Exercise objective
Keep images out and repeat all data exactly.

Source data
• • • •

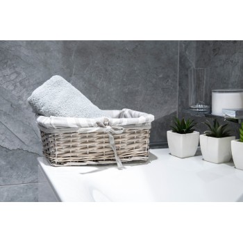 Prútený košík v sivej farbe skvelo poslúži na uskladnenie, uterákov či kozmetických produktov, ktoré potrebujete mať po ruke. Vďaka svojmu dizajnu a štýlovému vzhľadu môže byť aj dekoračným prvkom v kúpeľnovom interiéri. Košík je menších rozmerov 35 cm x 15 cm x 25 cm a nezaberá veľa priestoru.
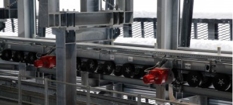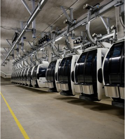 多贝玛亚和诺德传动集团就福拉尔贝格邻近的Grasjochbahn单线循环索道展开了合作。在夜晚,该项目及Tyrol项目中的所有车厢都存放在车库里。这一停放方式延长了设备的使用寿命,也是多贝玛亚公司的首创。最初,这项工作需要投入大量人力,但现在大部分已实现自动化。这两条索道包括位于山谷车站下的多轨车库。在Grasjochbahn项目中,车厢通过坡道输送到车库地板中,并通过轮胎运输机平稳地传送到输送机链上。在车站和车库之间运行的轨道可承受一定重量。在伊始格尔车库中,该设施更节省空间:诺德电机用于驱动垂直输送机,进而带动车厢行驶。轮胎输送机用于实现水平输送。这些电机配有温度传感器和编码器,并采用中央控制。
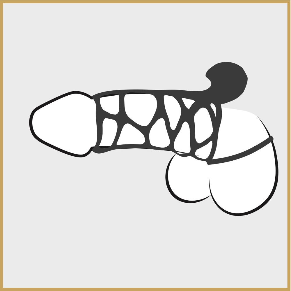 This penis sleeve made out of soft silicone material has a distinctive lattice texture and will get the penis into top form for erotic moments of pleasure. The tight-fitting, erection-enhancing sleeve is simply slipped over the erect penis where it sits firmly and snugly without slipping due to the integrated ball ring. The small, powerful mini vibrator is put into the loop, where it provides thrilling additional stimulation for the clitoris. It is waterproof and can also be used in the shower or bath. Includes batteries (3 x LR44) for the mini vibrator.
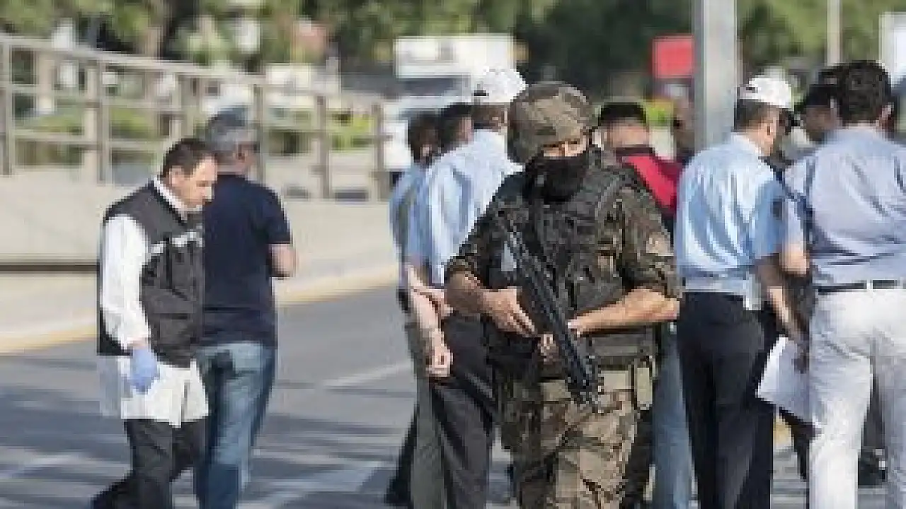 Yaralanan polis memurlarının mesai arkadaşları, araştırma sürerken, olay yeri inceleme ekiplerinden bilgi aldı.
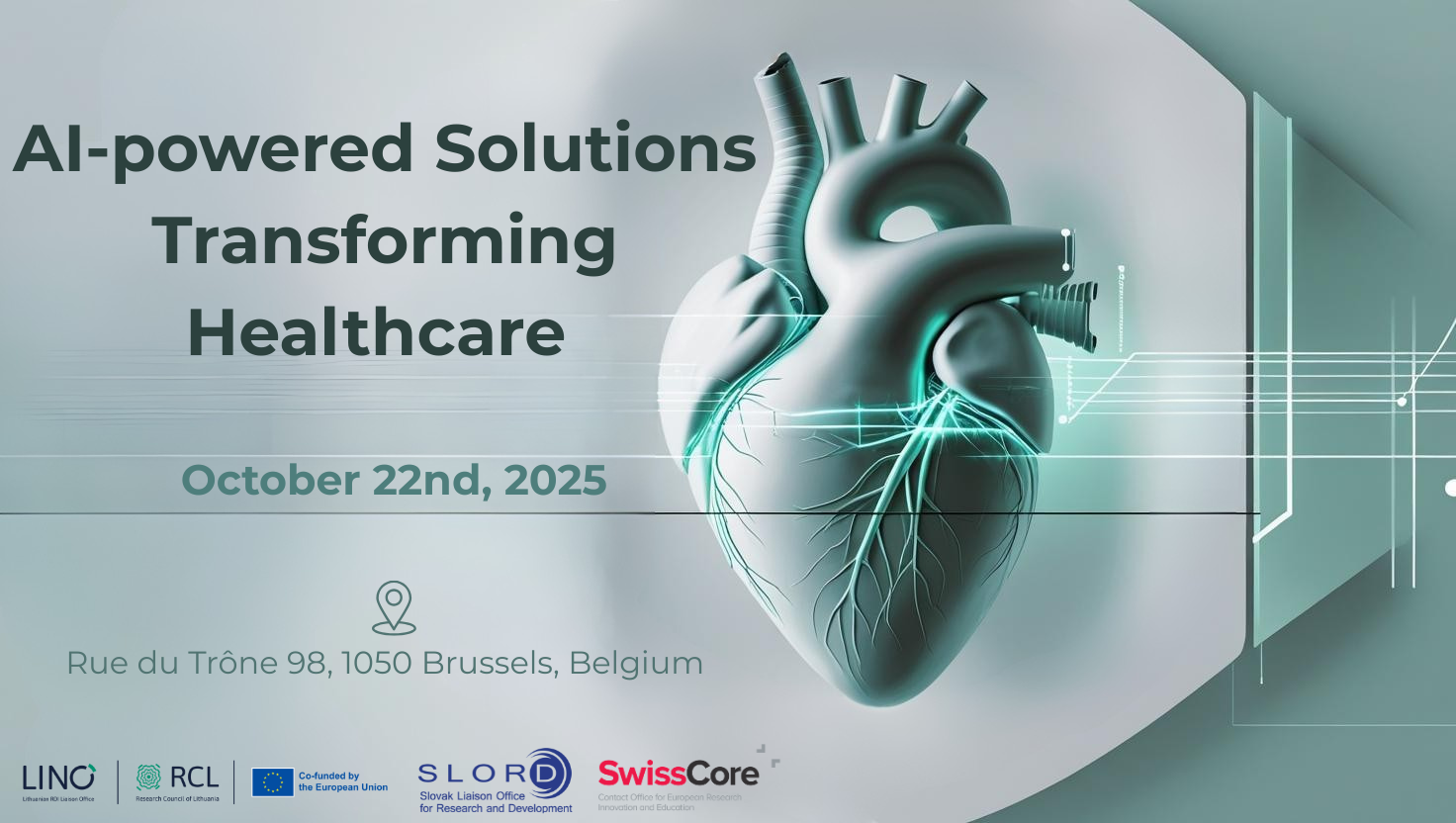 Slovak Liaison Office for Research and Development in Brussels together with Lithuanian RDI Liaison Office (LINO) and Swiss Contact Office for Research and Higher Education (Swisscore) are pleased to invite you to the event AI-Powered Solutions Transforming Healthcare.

• • • •

Task result
 Prútený košík v sivej farbe skvelo poslúži na uskladnenie, uterákov či kozmetických produktov, ktoré potrebujete mať po ruke. Vďaka svojmu dizajnu a štýlovému vzhľadu môže byť aj dekoračným prvkom v kúpeľnovom interiéri. Košík je menších rozmerov 35 cm x 15 cm x 25 cm a nezaberá veľa priestoru.
 多贝玛亚和诺德传动集团就福拉尔贝格邻近的Grasjochbahn单线循环索道展开了合作。在夜晚,该项目及Tyrol项目中的所有车厢都存放在车库里。这一停放方式延长了设备的使用寿命,也是多贝玛亚公司的首创。最初,这项工作需要投入大量人力,但现在大部分已实现自动化。这两条索道包括位于山谷车站下的多轨车库。在Grasjochbahn项目中,车厢通过坡道输送到车库地板中,并通过轮胎运输机平稳地传送到输送机链上。在车站和车库之间运行的轨道可承受一定重量。在伊始格尔车库中,该设施更节省空间:诺德电机用于驱动垂直输送机,进而带动车厢行驶。轮胎输送机用于实现水平输送。这些电机配有温度传感器和编码器,并采用中央控制。
 This penis sleeve made out of soft silicone material has a distinctive lattice texture and will get the penis into top form for erotic moments of pleasure. The tight-fitting, erection-enhancing sleeve is simply slipped over the erect penis where it sits firmly and snugly without slipping due to the integrated ball ring. The small, powerful mini vibrator is put into the loop, where it provides thrilling additional stimulation for the clitoris. It is waterproof and can also be used in the shower or bath. Includes batteries (3 x LR44) for the mini vibrator.
 Yaralanan polis memurlarının mesai arkadaşları, araştırma sürerken, olay yeri inceleme ekiplerinden bilgi aldı.
 Slovak Liaison Office for Research and Development in Brussels together with Lithuanian RDI Liaison Office (LINO) and Swiss Contact Office for Research and Higher Education (Swisscore) are pleased to invite you to the event AI-Powered Solutions Transforming Healthcare.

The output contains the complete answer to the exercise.